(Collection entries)
○ ○ ○ ○ ○ ○ ○
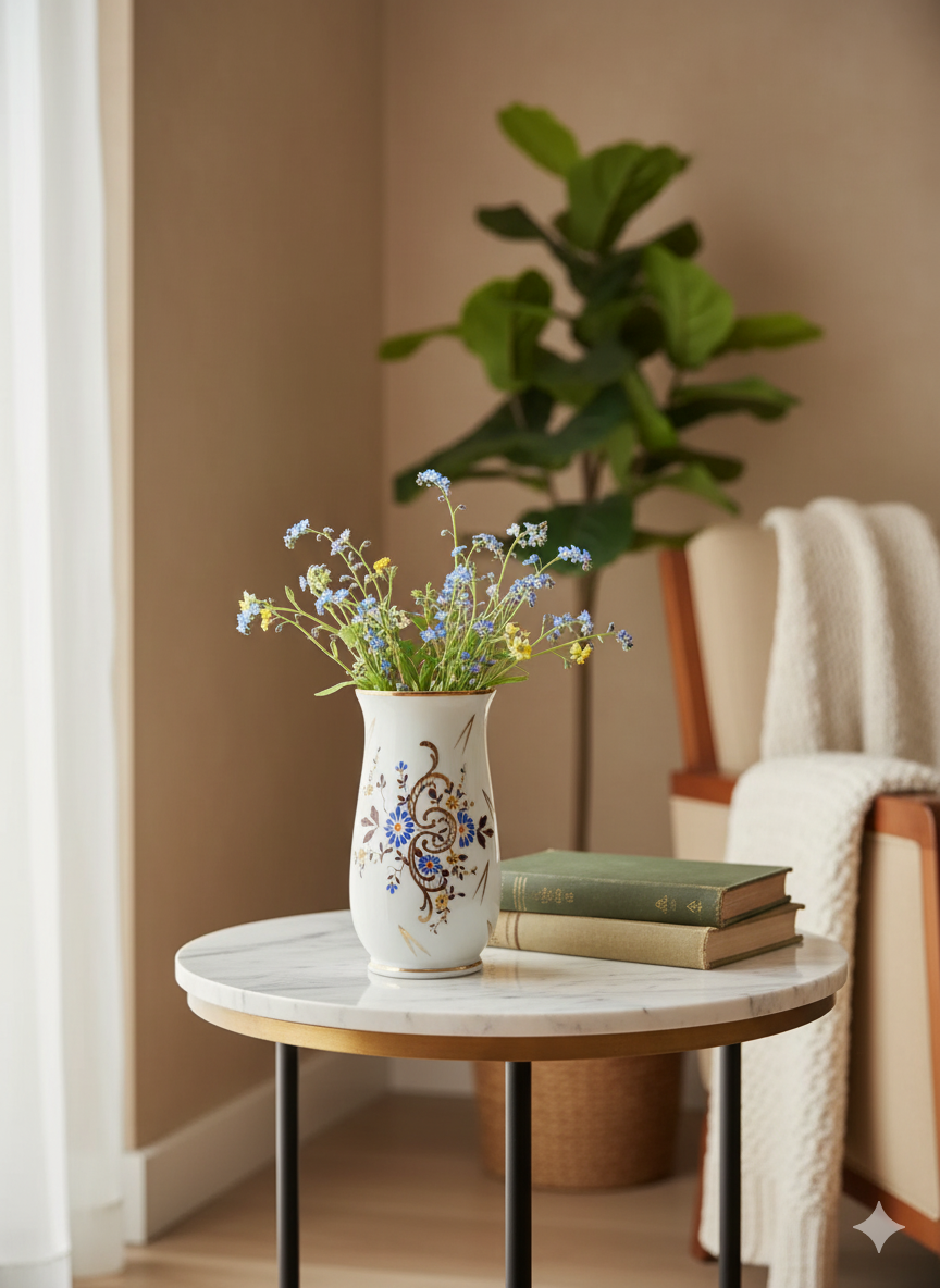 Elegante jarrón de porcelana con un diseño floral pintado a mano. El borde superior y la base están realzados con un delicado acabado dorado, aportando un toque de distinción.
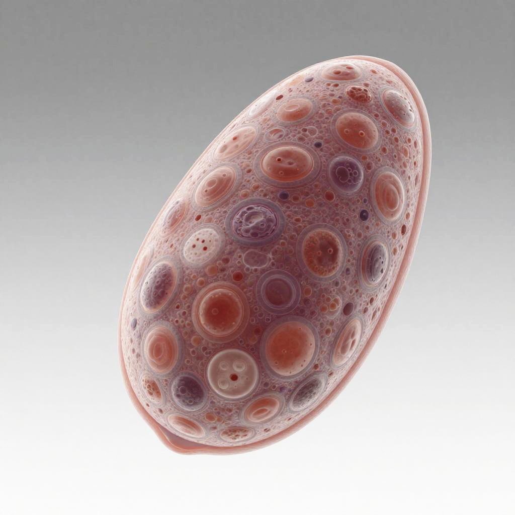 High-resolution digital render of bird testicles isolated against a gradient backdrop, focusing on cell structures and tissue, with a translucent effect showcasing depth and complexity, perfect for biological visualization and study.
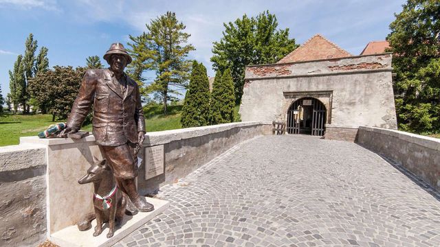 Fekete István szobra a magyaróvári várhídon, Trischler Ferenc alkotása (Forrás: nepszava.hu)
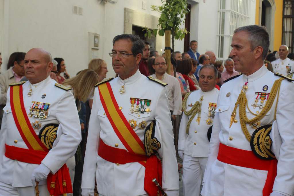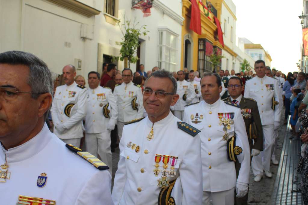 Fue una procesión de silencio, tan sólo roto por el sonido que aportaba la banda de Infantería de Marina y la Compañía de Honores que acompañaban a las autoridades. No hubo música ni tras el paso de la Patrona, ni del Patrón.
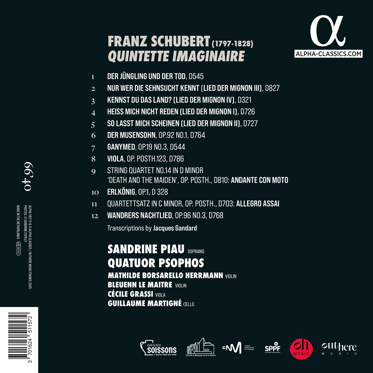 Sandrine Piau war nicht nur von Schuberts Musik, sondern auch von der Gattung des Streichquartetts schon immer fasziniert, wie sie bekennt. „Die unendliche Suche nach der reinen Geste, in der wir uns verlieren, um miteinander eins zu werden, erinnert mich an die Wasserballette in den altmodischen Musicals, in denen die schwimmenden Frauen Bilder von perfekten Blumen formten“. Gemeinsam mit dem Psophos-Quartets präsentiert Sandrine Piau ein großartiges Programm mit Transkriptionen und erfüllt sich damit einen Traum. „Zwischen dem Haar der Bögen und der Textur der Stimme verschmelzen unsere Instrumente zu einem imaginären Schubert-Quintett“.
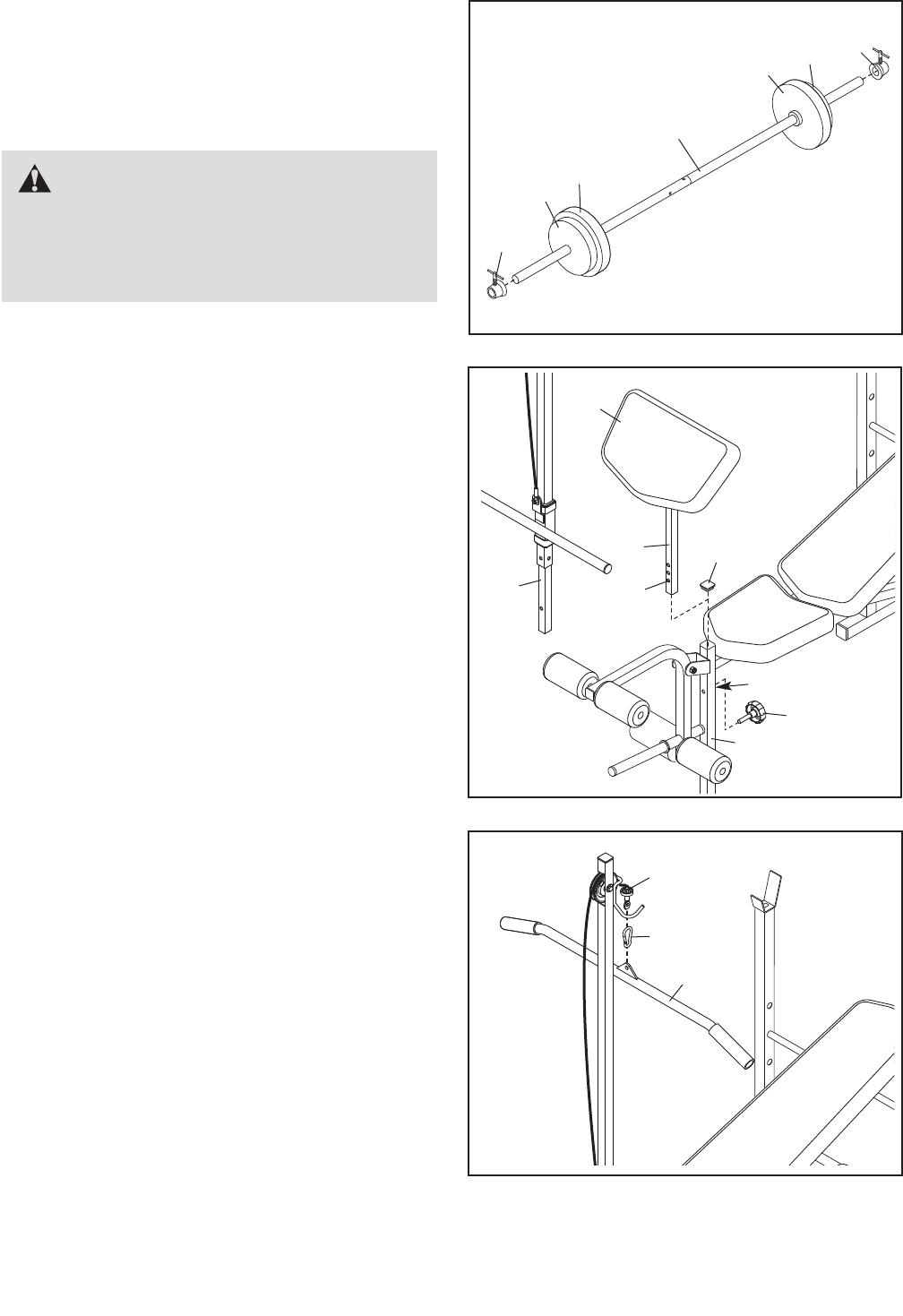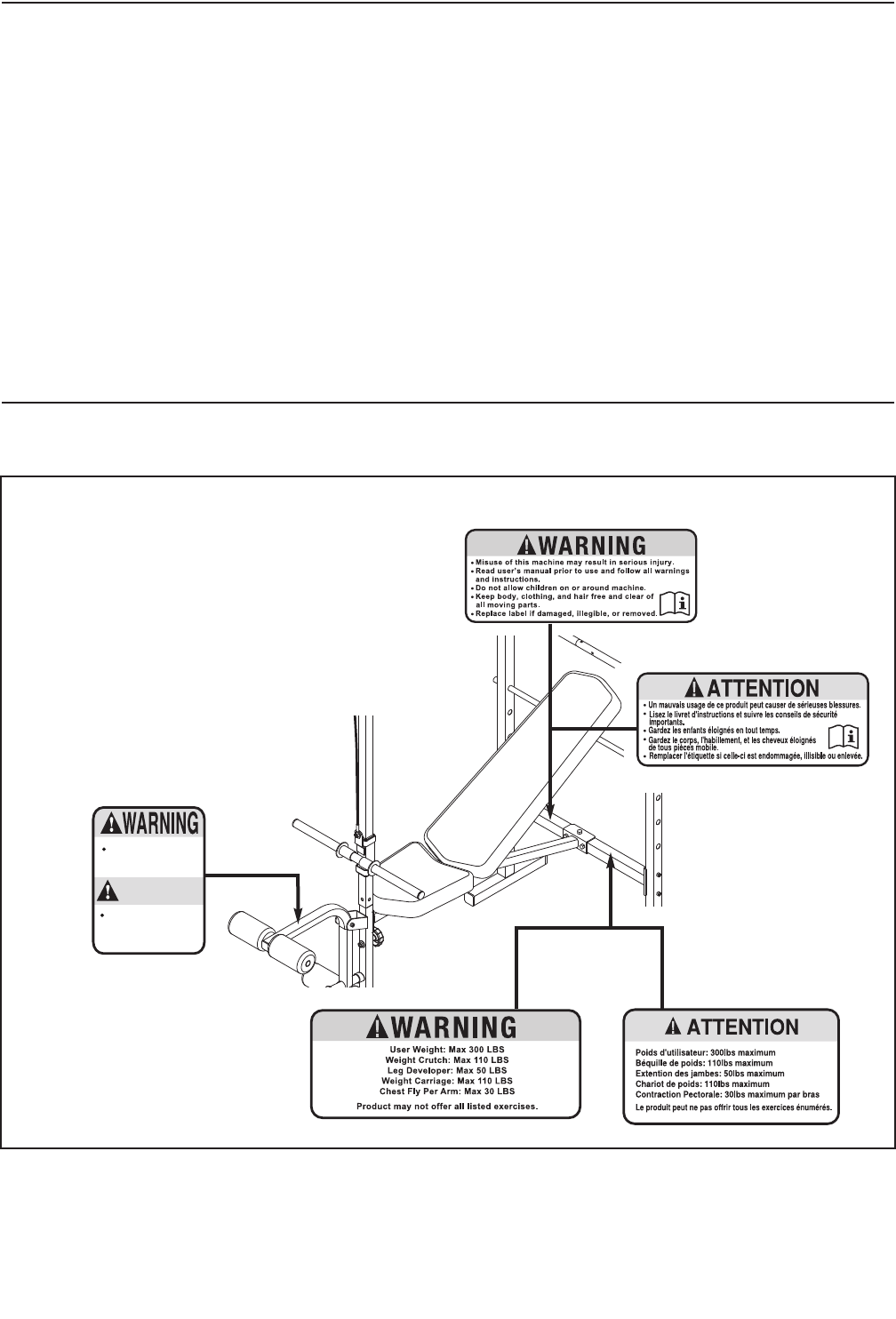 se trouvant sur le banc de poids, avant dʼutiliser votre banc de poids. ICON ne peut être tenu res-
○ ○ ○ ○ ○ ○ ○
**Aim of the exercise**
Could you set down verbatim the lines from the beginning of the entries above through the line containing "High-resolution digital render", both included, leaving out the pictures?

**Task answer**
 Elegante jarrón de porcelana con un diseño floral pintado a mano. El borde superior y la base están realzados con un delicado acabado dorado, aportando un toque de distinción.
 High-resolution digital render of bird testicles isolated against a gradient backdrop, focusing on cell structures and tissue, with a translucent effect showcasing depth and complexity, perfect for biological visualization and study.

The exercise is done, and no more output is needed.